Ursprünglich sind Kletterpflanzen in Auen und Wäldern beheimatet. "Daher brauchen sie einen frischen, humusreichen Boden, der tiefgründig ist", empfiehlt Experte Brandhorst. Der geeignete Standort variiert je nach Gattung. Für sonnige Plätze empfiehlt Brandhorst die Zier-Kiwi mit ihrer rosafarbenen Blattspitze und gelb blühende Waldreben. "Für schattige Plätze eignen sich die Alpen-Waldrebe und das Trompeten-Geißblatt." Die Duftrebe, Wilder Wein und die Spalthortensie vertragen sowohl Sonne als auch Schatten. 

Der Wind ist ein entscheidender Faktor für das Wachstum, denn er zieht mit großer Stärke um die Hausecken - das beeinträchtige das Pflanzenwachstum, erläutert Gärtnermeister Brandhorst. Vor allem mit zunehmender Höhe wirkten die Kräfte stärker. Daher sollten Kletterpflanzen nicht an diesen exponierten Stellen in die Höhe gezogen werden, sondern sich von der Wandmitte aus entwickeln.

Fassadengrün richtig pflanzen

Das Loch im Boden für die Kletterpflanzen sollte mindestens 50 Zentimeter breit und tief sein. Der Raum, den die Pflanze mit Wurzeln füllen kann, muss mindestens einen Kubikmeter umfassen. "Das ist oft schwer zu realisieren", sagt Michael Henze, Umweltreferent beim Bundesverband Garten-, Landschafts- und Sportplatzbau. "Denn Kletterpflanzen stehen ja direkt an Hauswänden, wo der Wurzelraum begrenzt wird durch Fundamente, Keller oder Fußwege."

Richtige Pflege für Fassadengrün

Fassadengrün ist relativ pflegeleicht. In heißen trockenen Sommern braucht es ab und zu etwas Wasser.
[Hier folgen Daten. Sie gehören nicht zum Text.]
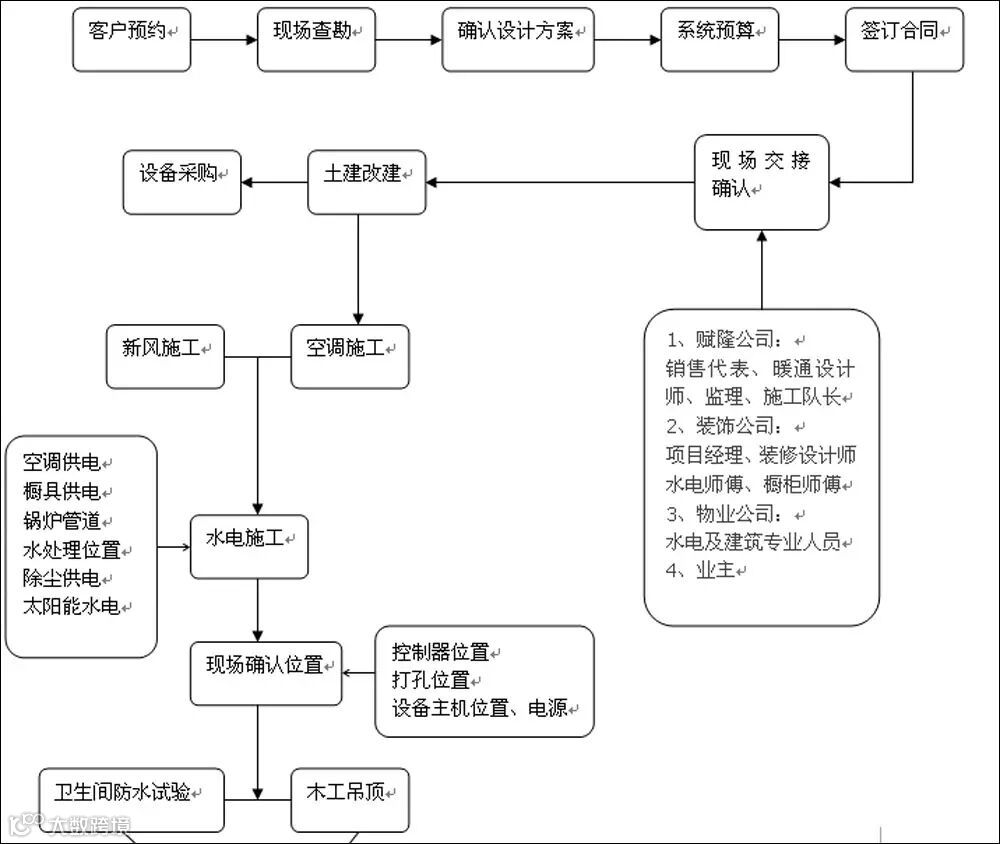 赋隆公司:销售代表、暖通设计师、监理、施工队长。

Manche Arten wie der Blauregen benötigen einen jährlichen Rückschnitt. "Wenn die Pflanzen lange Triebe ausbilden, sieht die Fassade bald ungepflegt aus", erklärt Henze. "Die Pflanzen müssen auch zurückgeschnitten werden, um Fenster, Türen oder das Dach freizuhalten." Im Frühjahr empfiehlt sich eine Gabe von organischem Dünger. Auch etwas Kompost kann sich günstig auswirken.
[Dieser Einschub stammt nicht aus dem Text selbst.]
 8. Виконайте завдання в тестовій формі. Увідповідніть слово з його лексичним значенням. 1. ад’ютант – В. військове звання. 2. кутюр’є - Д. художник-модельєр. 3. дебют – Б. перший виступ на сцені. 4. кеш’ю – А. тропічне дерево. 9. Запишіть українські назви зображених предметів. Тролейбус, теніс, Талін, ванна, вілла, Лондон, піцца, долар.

Vorteile der Fassadenbegrünung

- Kletterpflanzen schützen das Gebäude vor Witterungseinflüssen wie starke Sonneneinstrahlung oder Regenfälle und mindern die Temperaturschwankungen.

- Fassadenbegrünung sorgt für Wärme- und Schallschutz.

- Klima wird durch Erhöhung der Luftfeuchte verbessert.

Nachteile der Fassadenbegrünung

- Wuchernde Kletterpflanzen sprengen möglicherweise Dachrinnen oder würgen Regenrinnen ab.

- Zu große Last der Pflanzen kann Rankhilfe und auch Fassade beschädigen.

- Haftwurzeln können in Fugen hineinwachsen und so die Fassade zerstören.

- Fassadengrün braucht den richtigen Standort zum Wurzeln.

- Pflanzen müssen regelmäßig gepflegt werden.